This cake uses the perfect flavour combination of spices, nuts and floral scents found in Eastern desserts.
for the sponge:
375g self raising flour
225g light brown sugar
2 tsp ground cardamom
½ tsp ground nutmeg
1 ½ tsp baking powder
pinch of salt
150g vegetable oil
2 tblsp rose water
330 ml soya milk
1 ½ tsp cider vinegar
2 tsp vanilla extract
for the frosting:
300g room temperature dairy free butter eg. Flora Plant Butter or Naturli Block (NOT the spreadable type)
600g icing sugar
40g pistachio paste
2 tblsp rose water
1 tsp rose extract or a few drops of Foodie Flavours rose flavouring
1 tsp vanilla extract
pink and green food colouring (optional)
1 tblsp pistachio nuts, crushed
a few dried rose petals
for extra decoration, see note at bottom
Preheat the oven to 175 degrees C. Grease and line three 6 inch tins.
Sieve the flour into a bowl and add all the other dry ingredients, including the spices.
In another bowl add all the wet ingredients, then pour these into the dry ingredients and mix as quickly as possible. Pour the batter into the prepared tins.
Bake for 30 minutes until a skewer comes out clean from the centre; allow to cool in the tins for 10 minutes then transfer the sponges to a wire rack.
Beat the butter for a few minutes until it's pale and creamy, then add half the icing sugar and a tablespoon or two of water and beat again. Add the rest of the icing sugar and beat again. It should be a firm consistency. Split the frosting roughly one third into one bowl and two thirds into another.
Add the pistachio paste to the smaller quantity of frosting – you will use this to sandwich the sponges together. You might also want to add a tiny bit of green food colouring.
Add the rose water, rose extract, vanilla paste and pink food colouring to the larger amount of frosting – you will use this to coat the cake. If the frosting is too stiff add a splash of water; if it is too runny add more icing sugar and beat again.

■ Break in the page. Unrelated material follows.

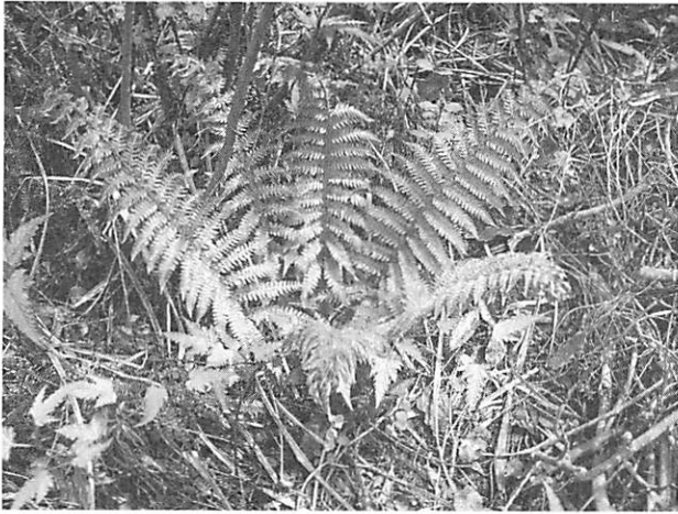
Polystichum polyblepharum イノデ

To assemble the cake, cut the top off the sponges and sandwich the three layers together with the pistachio frosting.
Coat the top and sides of the cake with a thin layer of the rose frosting, then leave to chill for half an hour in the fridge or 10 minutes in the freezer.
Once this is firm, use the rest of the rose frosting in a thick layer on the top and sides. Decorate the top with crushed pistachios and rose petals.
I’ve used a white chocolate drip on this cake – to do this you need to chill the cake for half an hour once it is frosted, melt 50g vegan white chocolate eg Moo Free and then stir in 10g coconut oil. Mix and while it is still runny use a teaspoon to drip the chocolate down the sides, then use the rest of the chocolate to cover the top of the cake and sprinkle on the pistachios and rose petals.